От выпитого вина у Миртиллы горели щеки. Смеялась звонко и весело. Чувствовала, что нравится Феокриту. Нравится и юноше Херсию, который примостился на скамеечке у ее ног. Несколько раз чернокудрая голова двадцатилетнего философа оказывалась на теплых коленях гетеры, едва прикрытых почти прозрачной косской тканью, но Миртилла, посмеиваясь, брала юношу за уши и заставляла сесть, как подобает. Весело было и ей, и Херсию, и Феокриту. Говорили о философии, как говорят в конце пира, когда гетер начинает интересовать бессмертие души, а философов — цена на румяна.

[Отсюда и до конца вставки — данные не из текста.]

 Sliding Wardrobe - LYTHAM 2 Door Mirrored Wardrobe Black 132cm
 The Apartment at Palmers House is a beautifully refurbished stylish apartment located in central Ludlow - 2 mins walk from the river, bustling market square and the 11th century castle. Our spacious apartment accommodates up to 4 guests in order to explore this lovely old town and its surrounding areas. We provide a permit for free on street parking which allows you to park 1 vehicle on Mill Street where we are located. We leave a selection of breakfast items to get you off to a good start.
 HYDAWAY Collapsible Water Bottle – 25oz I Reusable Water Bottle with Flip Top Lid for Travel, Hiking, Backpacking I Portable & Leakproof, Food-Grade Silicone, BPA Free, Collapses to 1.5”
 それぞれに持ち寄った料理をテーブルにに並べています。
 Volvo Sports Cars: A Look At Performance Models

— Поверь мне, Миртилла, не у тебя одной есть душа. И у нарцисса она есть, на самом деле есть... и у этой букашки тоже...
— Я не букашка, Херсий...
— Не сердись, не сердись, не хмурь бровей. Сейчас объясню. Душа нарцисса только питает его, букашечья душа только чувствует. Если я брошу этот цветок вместе с букашкой в огонь, их души сейчас же умрут...
Юноша воодушевился. Заговорил всерьез.
-- У нас же с тобой, Миртилла, кроме души-формы есть чистый разум, божественный гость, неистребимый ни огнем, ни мечом...

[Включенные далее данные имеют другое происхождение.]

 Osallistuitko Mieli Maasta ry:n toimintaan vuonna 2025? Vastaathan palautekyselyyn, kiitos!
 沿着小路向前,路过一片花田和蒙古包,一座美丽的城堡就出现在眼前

Феокрит, добродушно слушавший юного поклонника Аристотеля, теперь остановил его.
— Погоди, Херсий! Ты бы спросил сначала, поняла ли твоя ученица пройденное. Миртилла, представь себе, что тебя послали в школу...
— Вместе с мальчиками?
— Хотя бы...
— Бедные мальчики!
— Подожди... Скажем, ты полюбила одного из них.

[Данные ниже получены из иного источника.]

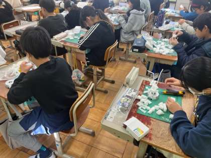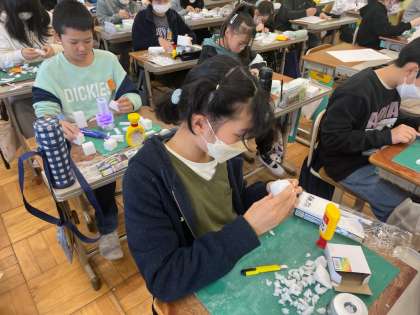 図画工作科ではでは立体の学習を進めています。スポンジとストローを利用して、カッターで切ったスポンジをつないだり、組み立てたりし、光の効果を考えながら作品作りに取り組んでいます。作っているうちに、色々なアイデアが思いついているようでした。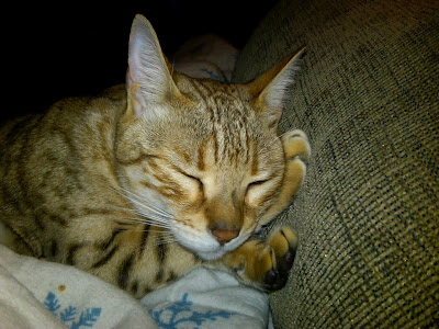 Alright off to workI’d better keep my trainee out of the cookie jar today. I leave you with this adorable picture of Bagheera sleeping on Willow last night. Awww…Bengals Cats.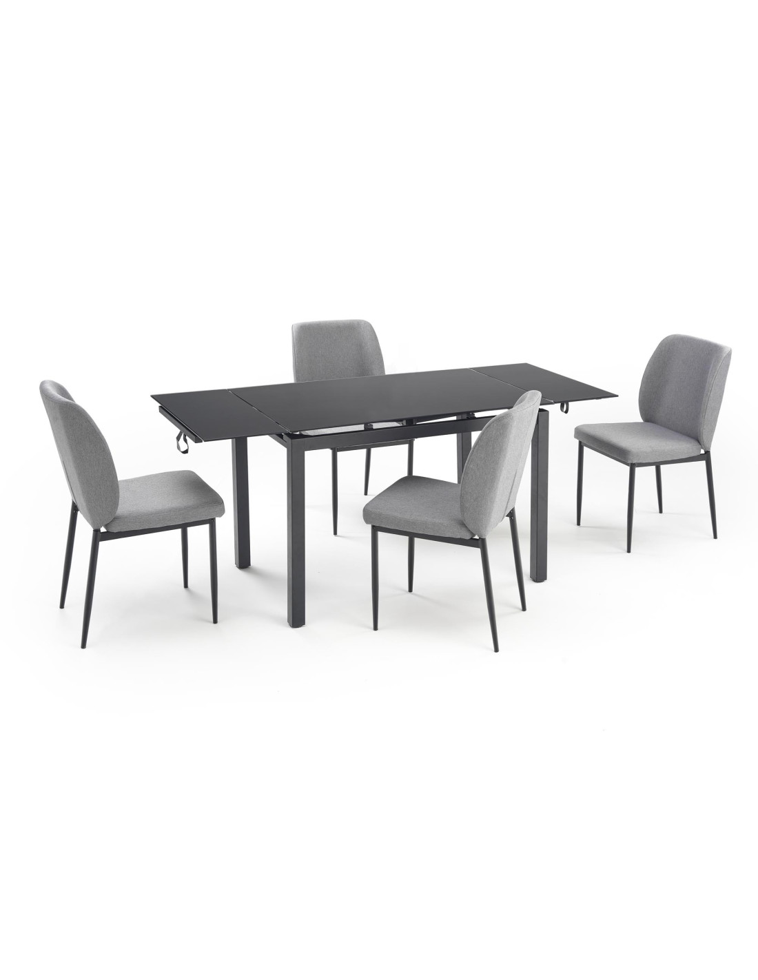 JASPER Zestaw Stół Rozkładany 110-170 cm + 4 Krzesła Czarny/Popielaty - Elegancja i Minimalizm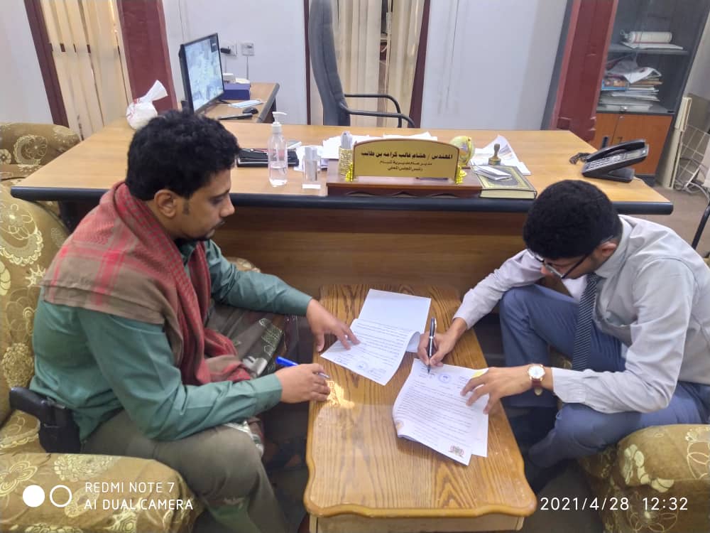 وجرى توقيع اتفاقية عمل الشراكة بين الطرفين بحضور رئيس لجنة التخطيط والتنمية بمديرية شبام ومندوب فرع النقابة بالمديرية ومهندس السلطة المحلية أنور القيسي .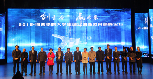 12月20日,我校与肃南县政府、张掖水韵创新创业孵化基地联合举办的“2015年伟德国际1949官网登录大学生创新创业教育高峰论坛”在河西讲堂举行。张掖市委副书记梁蓉兰、张掖市人大常委会副主任、张掖市小微企业“两创示范”领导小组常务副组长安国锋、张掖市人民政府副市长王方太、肃南县委书记李宏伟、肃南县人民政府县长高林俊出席会议,伟德国际1949官网登录党委书记黎志强,党委副书记、院长刘仁义参加了开幕式。开幕式由伟德国际1949官网登录党委常委、纪委书记徐德祯主持,院办、宣传部、学生处、团委等部门负责人和各学院党总支书记、学工办主任及学生近800人参加了会议。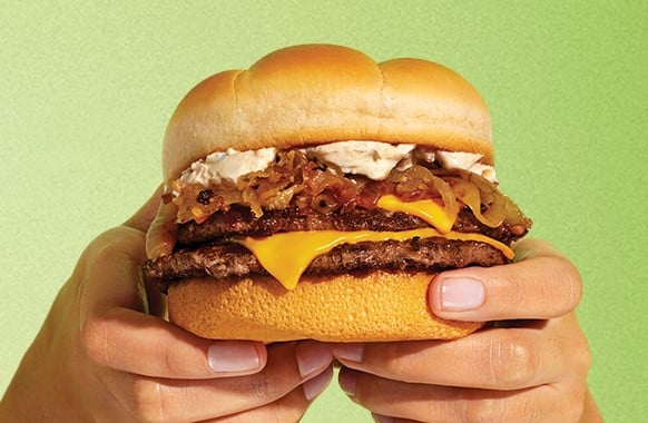 A&W’s French Onion Double Cheeseburger includes two beef patties layered with melted American cheese and topped with grilled onions and Boursin herb spread on a lightly toasted bun.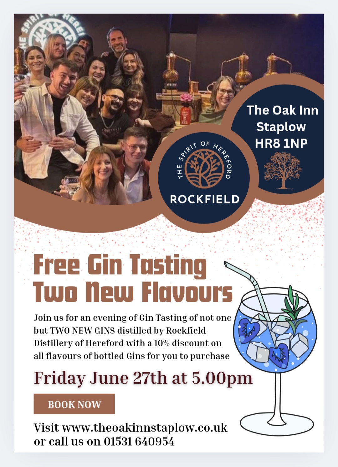 To reserve your place please visit our WEBSITE www.theoakinnstaplow.co.uk and click BOOK A TABLE and in message type GIN TASTING or just CALL US on 01531 640954 ♥️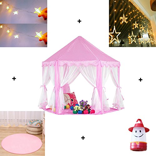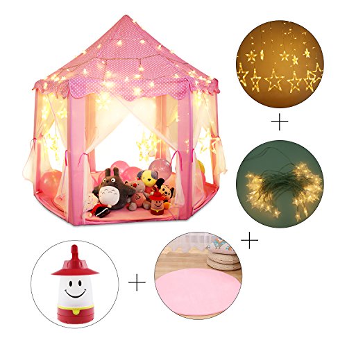 DIMENSION: Zelt 55"(Durchmesser) x 53" (H) speziell Sechseck, perfekt Grossen Raum bieten, geben Ihren Kindern viel Platz zu stehen und zu spielen, sogar ein Erwachsener reinpassen kann. 6miles umfasst 40 * kleine Sterne Licht Aroung die Spitze der Playtent, 12 hangen mittleren und grossen Sternenlicht verwenden AAA Batterien fur Sie, super sicher Warm soft pink-Matte unter dem Zelt, ein kleines Lacheln Licht hangen in Ihrem Zelt im Inneren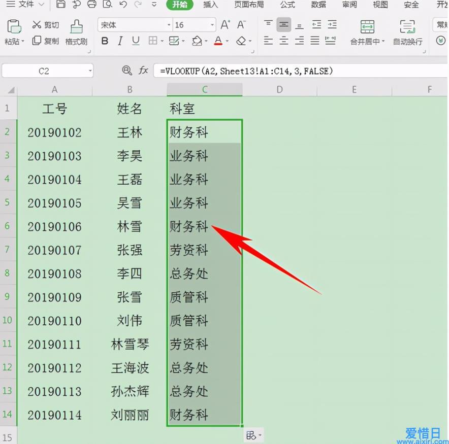单击回车,我们看到科室就显示为财务科了,如下图所示:

— Молокососа? Спасибо тебе!.. Скорее уж его отца.
— Ладно, пускай отца... Так вот отец тебя и спрашивает, Миртилла, что есть душа-форма?
— А я почем знаю?..
— Подумай хорошенько. Херсий ведь тебе растолковывал. Выпей еще кипрского и подумай.
— Выпила еще и подумала...
— Ну?
— У меня есть форма для медовых пряников, сама их пеку. Приходи, Феокрит, и ты, Херсий, приходи. Угощу...
Юноша, не ожидая, что скажет почетный гость, поторопился согласиться. Поэт усмехнулся, но обижаться он не любил — особенно на молодых. Потрепав Херсия по плечу, сказал гетере ласково:
— Придем, придем... Завтра же придем, Миртилла.
— Вот завтра-то я не могу...
— Купцы?
— Нет, не купцы.
— А кто же?
— Какой ты любопытный, Херсий! Если так уж хочешь знать — македонский воин с той стороны — из Каллиполя[21].
— Да поглотит его преисподняя!
— В свое время... А сейчас он обещал мне браслет — две золотые цапли с вытянутыми шеями. И перышки маленькие-маленькие, прямо малюсенькие. Как их только сделали!
— Миртилла, перышки к делу не относятся! Решено — придем послезавтра, а ты напечешь пряников и объяснишь, в чем же сходство между душой-формой и твоей пряничной формой.
— Я и сейчас могу, Феокрит.
— Слушаем.
— По-моему, очень просто...
— Даже?
— Ну да, просто... Мысли ведь тоже пекутся.
— Как, как ты сказала?
— Мысли пекутся в душе, как пряники в форме.
— Миртилла, а ты, оказывается, умница!
— Куда там... У меня, Феокрит, мысли недопеченные. Корочка, может, когда и удастся, а внутри тесто сырое-пресырое...
— По этому случаю выпьем!
— Выпьем!
Кудрявая голова опять легла на колени Миртиллы,
В конце концов, ничего — пусть себе лежит... Они не безобразничают — ни старый, ни молодой. Юноша думает о том, что Миртилла похожа не на нарцисс, а на душистые голубые ирисы, которые весной цветут по краям болот. Поэту думать не хочется. Он любуется. Изредка проводит рукой по загорелому плечу гетеры и повторяет все тот же стих:
«Ах, моя прелесть, Бомбика! Тебя сириянкой прозвали...»
Близилось утро и конец затянувшегося пира. В эту ночь Феокрит выпил очень много. Ноги стали тяжелыми, вставать не хотелось, но голова оставалась ясной. Поэт чувствовал, что слишком долго болтает с Миртиллой и Херсием. Знал Неофрона давно. Знал и любил. Умный человек, но самолюбив, обидчив... Теперь вот недовольно теребит бороду и почесывает большим пальцем правую щеку, точно его комары искусали. Всегда так, когда начинает сердиться.